Problem description: Pictures in the data should be dropped; transcribe exactly the lines from the one that has "Stalowe koło podporowe" through the one that has "Сделать современный, удобный".
Content starts
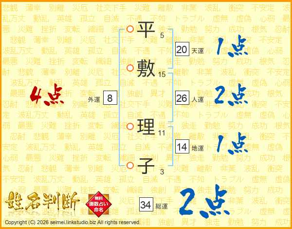 平敷理子さんの人運は26画の2点!
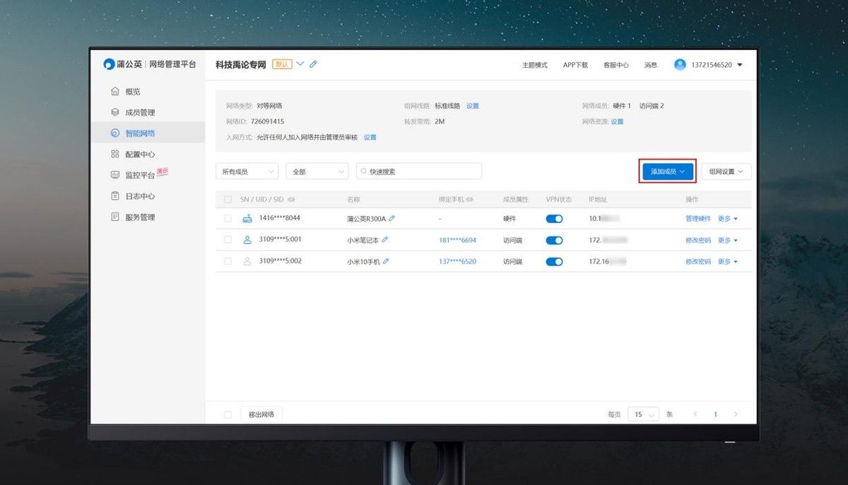 网络搞定后,后面的事就轻而易举了,只需把电脑与蒲公英R300A组网,就能在家里远程访问野外的监控视频。打开蒲公英网络管理平台,选择智能网络,点击添加成员,输入R300A的SN码即可组网,SN码在路由器背面;免费用户最多只能组网三个客户端,如果家里有多台电脑需要看监控,就必须在家里布置一台蒲公英路由器。
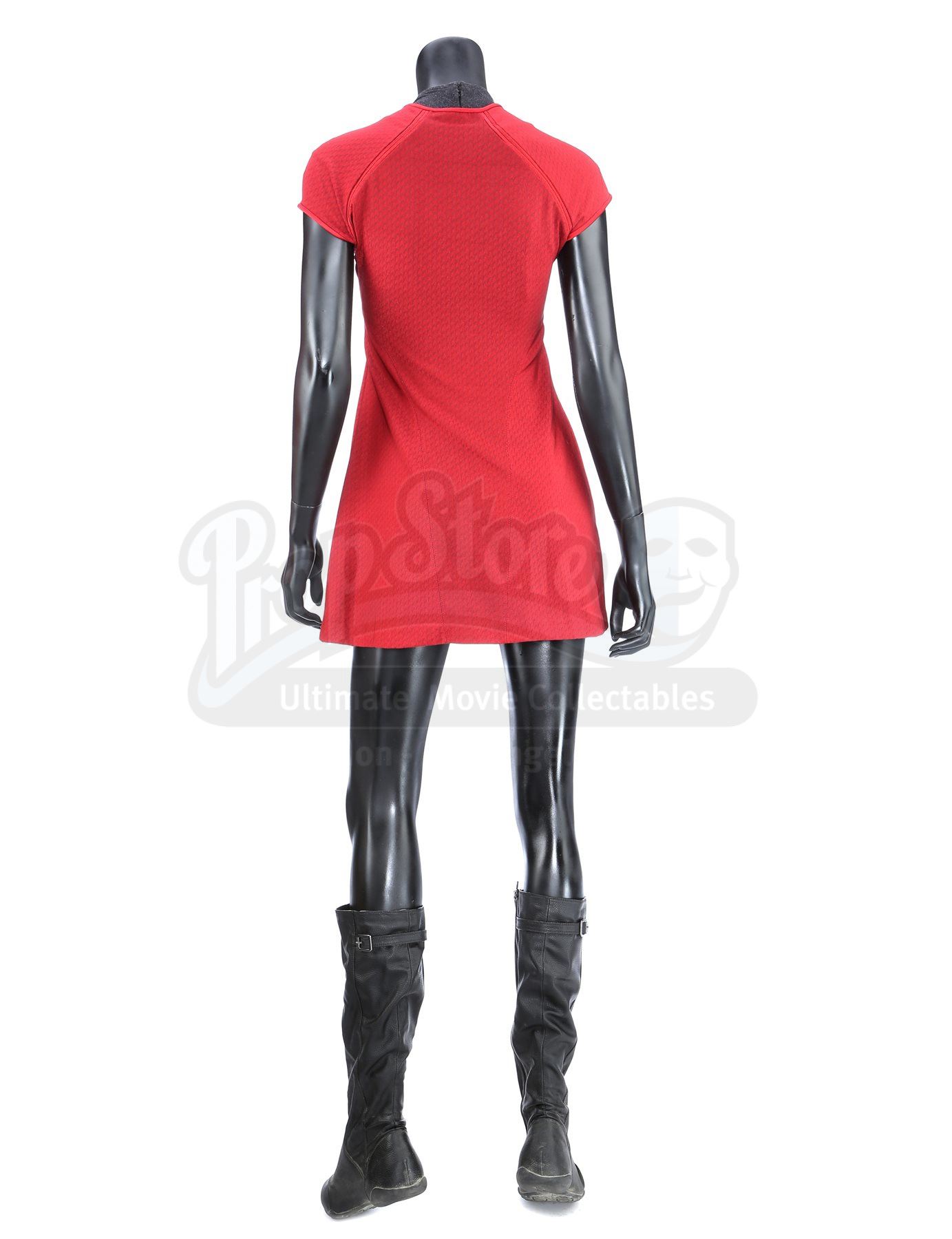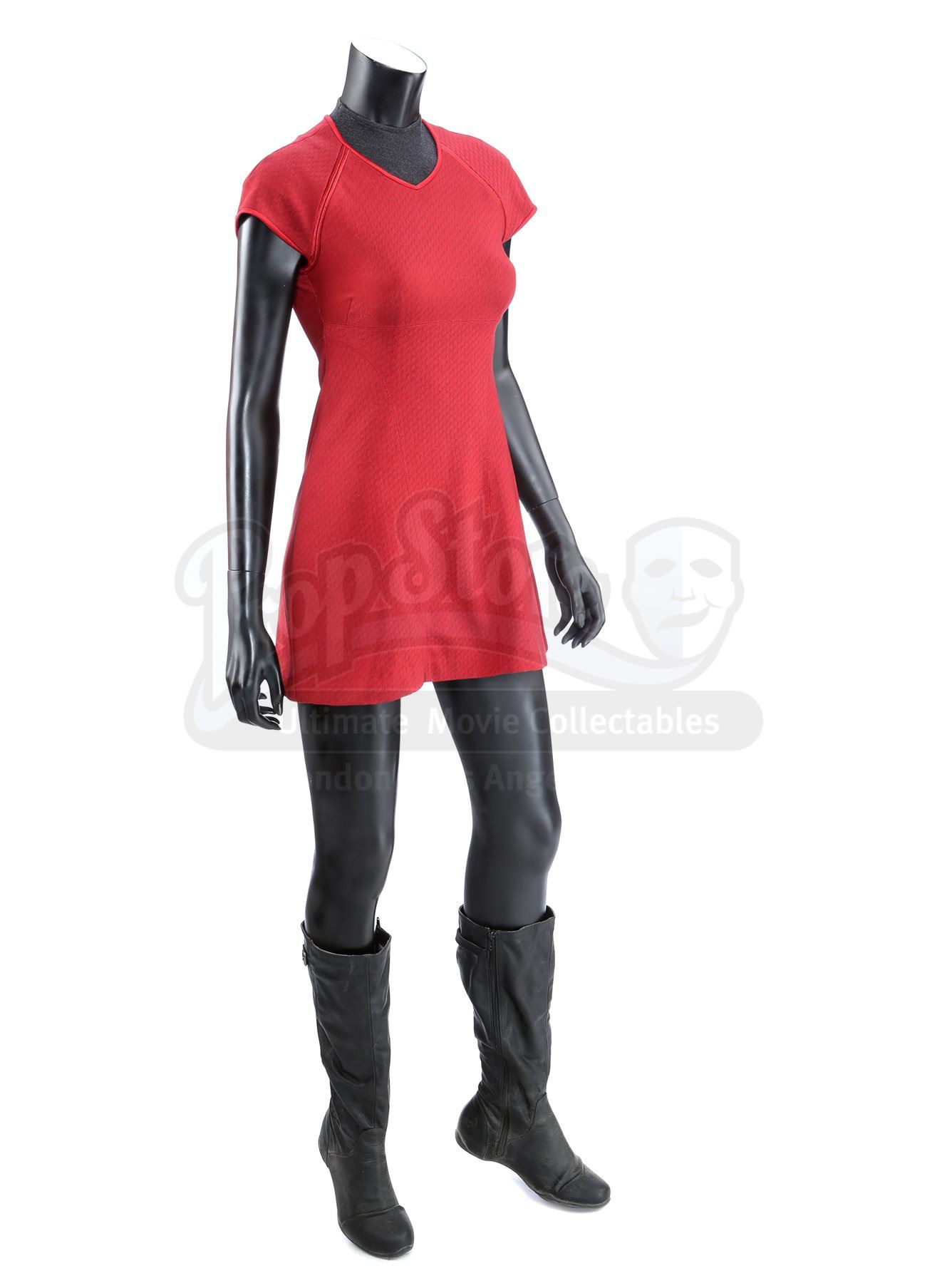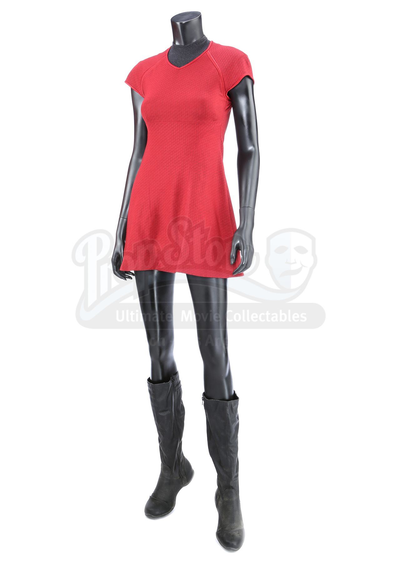A women's Enterprise operations uniform from Star Trek and reused in Star Trek Into Darkness. Enterprise staff in the operations division wore their uniforms while aboard the Enterprise throughout the first two films. The costume includes a dress (approximate size small), semi-mock turtleneck undershirt (approximate size small) and a pair of boots (marked U.S. size 8.5). Made for the first film and reused in the sequel, the red dress is made of Spandex, has piping around the collar and features a printed optical repeat Starfleet insignia pattern. The undershirt consists of a grey polyester turtleneck leotard. Also included is a pair of black leather boots with rubber soles. The costume features hand-written wardrobe labels in the dress and undershirt marked with the actor's name. Estimate: $1000 - 1500*Estimated sale price; sold without reserve.
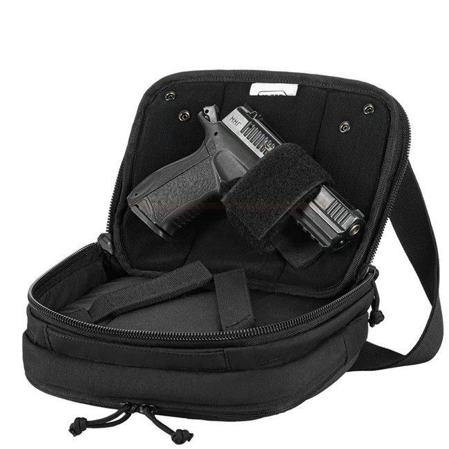 Le système de dégagement rapide permet un accès ultra-rapide à l'arme. Pour les droitiers, la sangle droite est fixée sur le côté droit de la poche arrière. Pour sortir l'arme, le sac s'ouvre avec la main gauche, tandis que la main droite prend en charge l'accès. Pour les gauchers, le système fonctionne à l'envers : la boucle gauche est attachée et la main droite ouvre le sac.
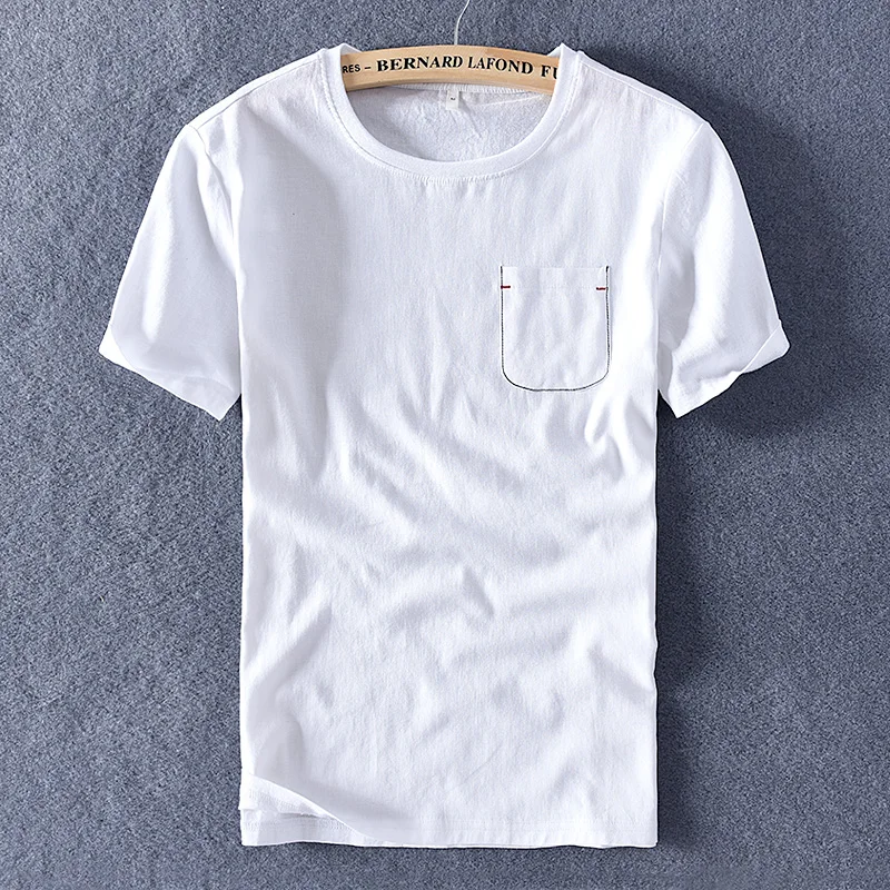 2020 черная Удобная льняная Футболка мужская брендовая итальянская стильная футболка для мужчин модные футболки с круглым вырезом мужская повседневная мужская Футболка camisa
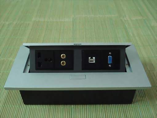 名称 多功能桌面插座(信息接口插座) 型号 200 产品简介 会议室多功能桌面插座6位,任意选择模块 面板尺寸:266×130×68mm 底盒尺寸:220×106×60mm 颜色:磨砂黑、银色、木纹色
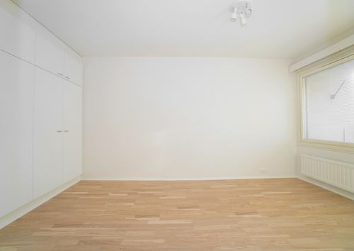 Tilavan makuuhuoneen kautta on kulku lasitetulle parvekkeelle puiston suuntaan. Olohuone on reilun kokoinen ja sohvalle on loistavasti tilaa. Väreiltään asunto on raikkaan vaalea ja sama värimaailma jatkuu myös kylpyhuoneen puolella. Taloyhtiössä on hiljattain toteutettu linjasaneeraus, jonka yhteydessä kylpyhuone on uusittu. Pesukoneelle on paikka valmiina. Eteisessä on lisää kaapistoja säilytykseen.
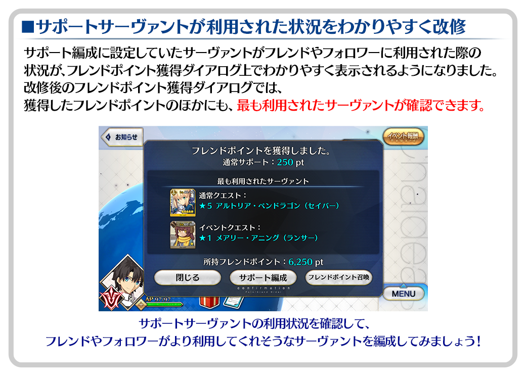なお、「オススメサポート編成」のサーヴァントは、自分が利用した際と他のマスターに利用してもらった際のどちらでも、フレンドポイントを獲得することができます。
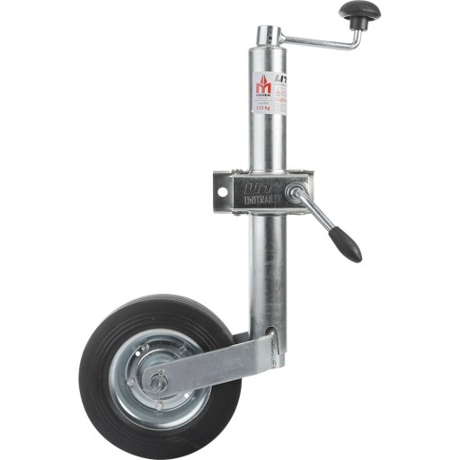Stalowe koło podporowe do przyczepy w zestawie z kompatybilną obejmą firmy Unitrailer do przyczepy. Średnica rury wynosi 48 mm.
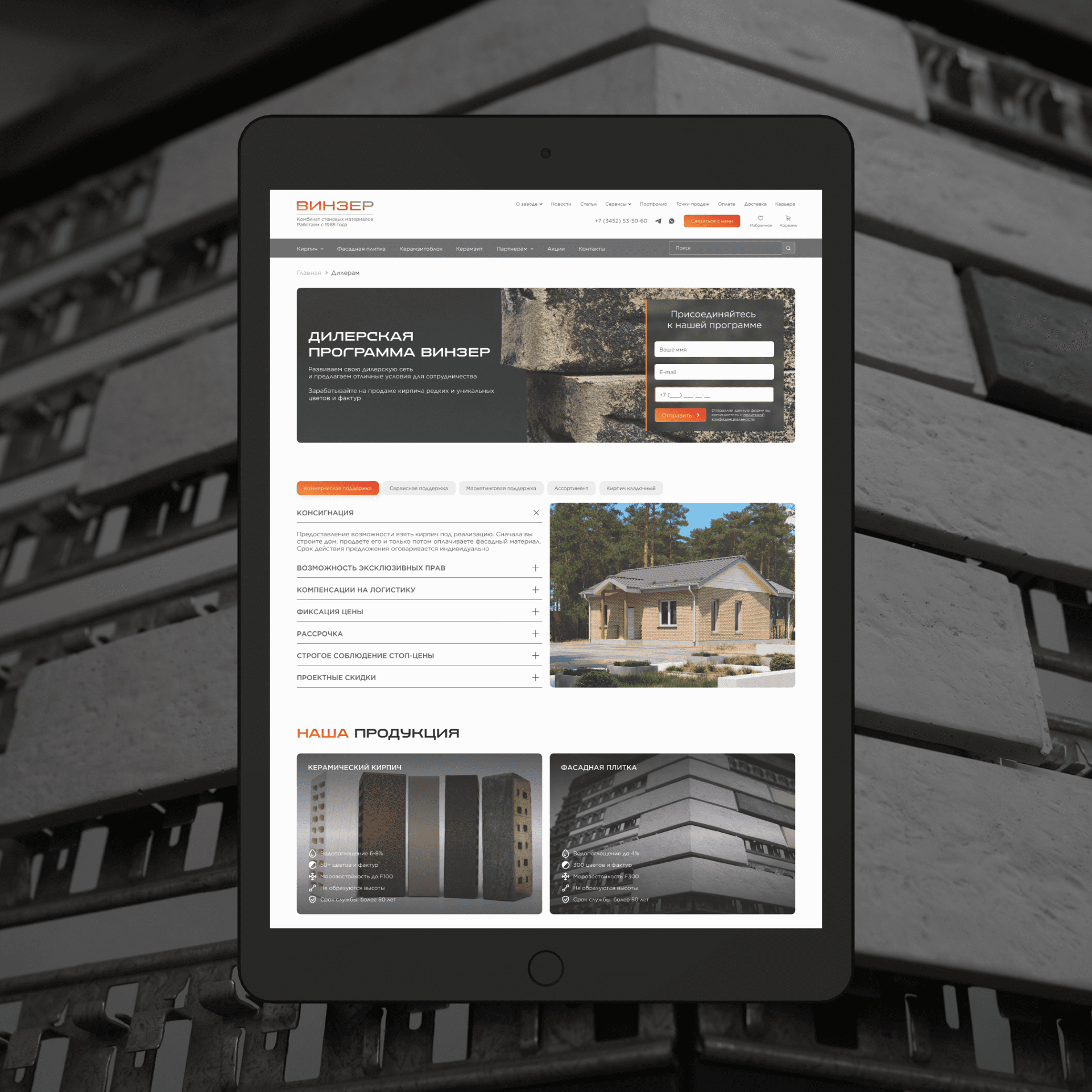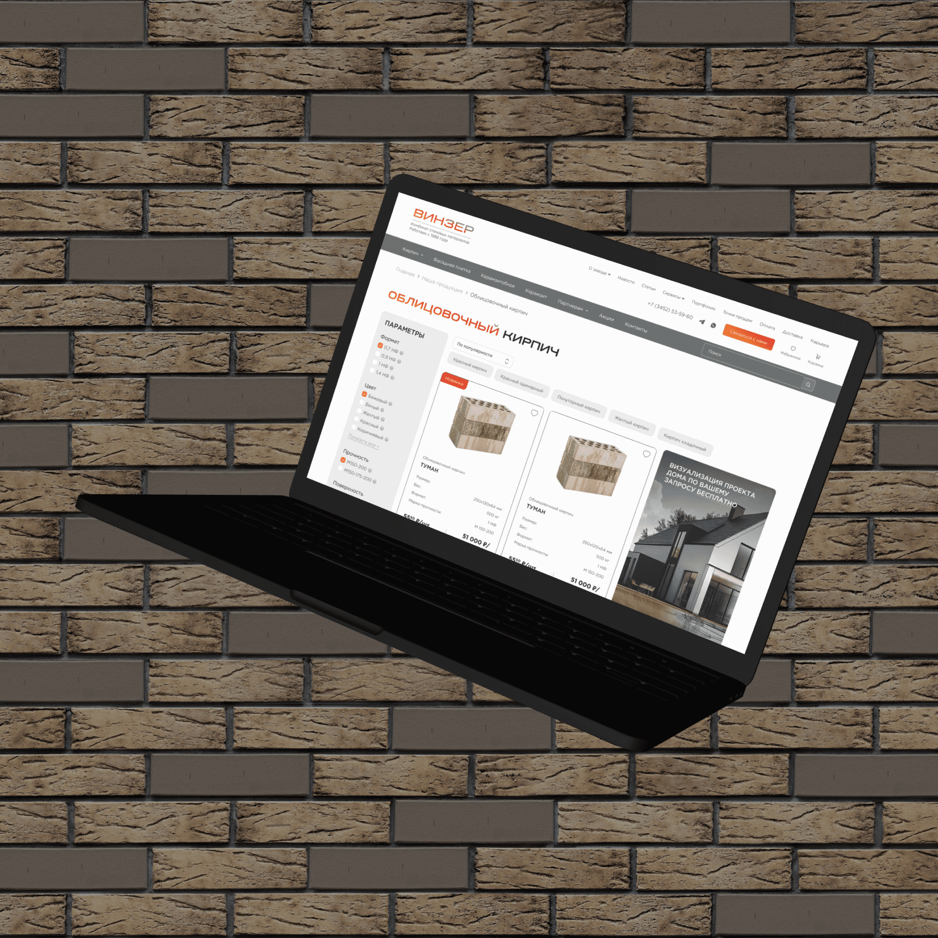 Сделать современный, удобный интернет-магазин с фокусом на продажу кирпича, плитки и блоков.
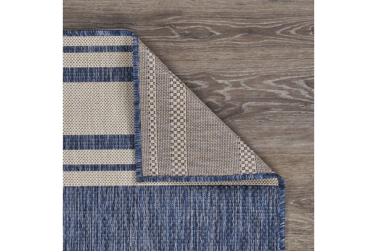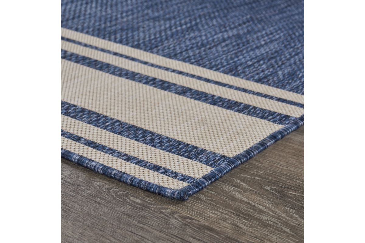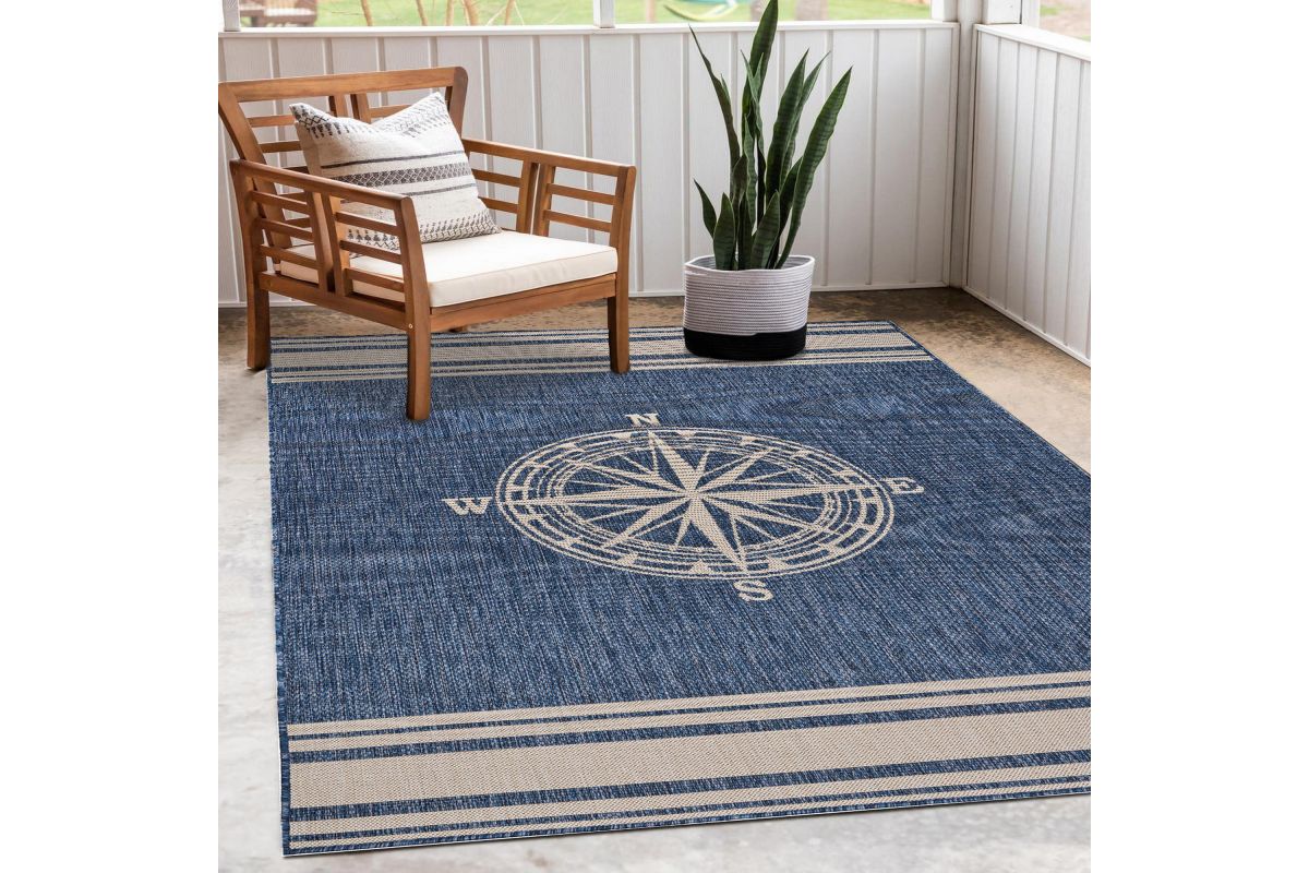 Transform your space with this durable indoor/outdoor area rug. The nautical-inspired compass pattern in navy blue and white adds coastal charm, making it a stunning foundation for beach house, tropical, or nautical interiors or exteriors. Expertly power-loomed in Turkey, this rug is crafted from a premium polypropylene blend, offering a soft yet durable texture that stands up to everyday wear and outdoor elements. Perfect for adding a refined touch to living rooms, bedrooms, or entryways, this 3' x 5' rug blends coastal charm with lasting quality. Designed for high-traffic areas, this stain, moisture, and fade-resistant, easy-to-clean rug maintains long-lasting beauty, ensuring your home stays stylish with minimal maintenance. Perfect for anyone seeking a durable, elegant, and versatile rug for your home, apartment, or dorm.
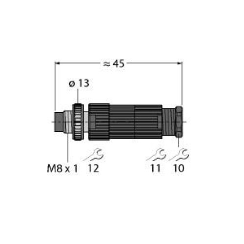 • Field-wireable male connector M8 × 1/Ø 8 mm
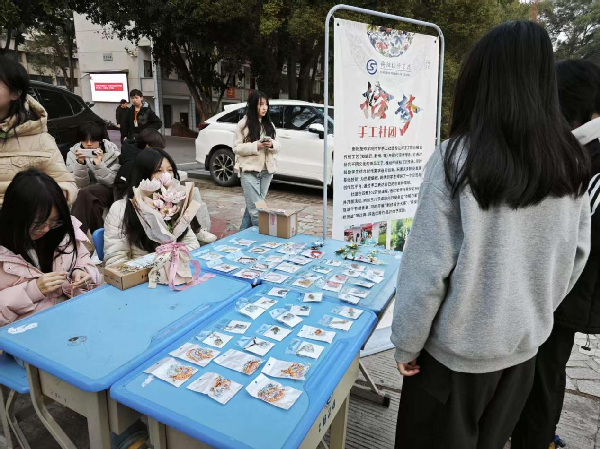 活动现场,社员们精心制作的编织小饰品琳琅满目:精致小巧的编织挂饰、简约别致的手链……一件件作品配色鲜艳、做工细腻,尽显手工编织的独特韵味。
Content ends
Solution to the exercise:
Stalowe koło podporowe do przyczepy w zestawie z kompatybilną obejmą firmy Unitrailer do przyczepy. Średnica rury wynosi 48 mm.
 Сделать современный, удобный интернет-магазин с фокусом на продажу кирпича, плитки и блоков.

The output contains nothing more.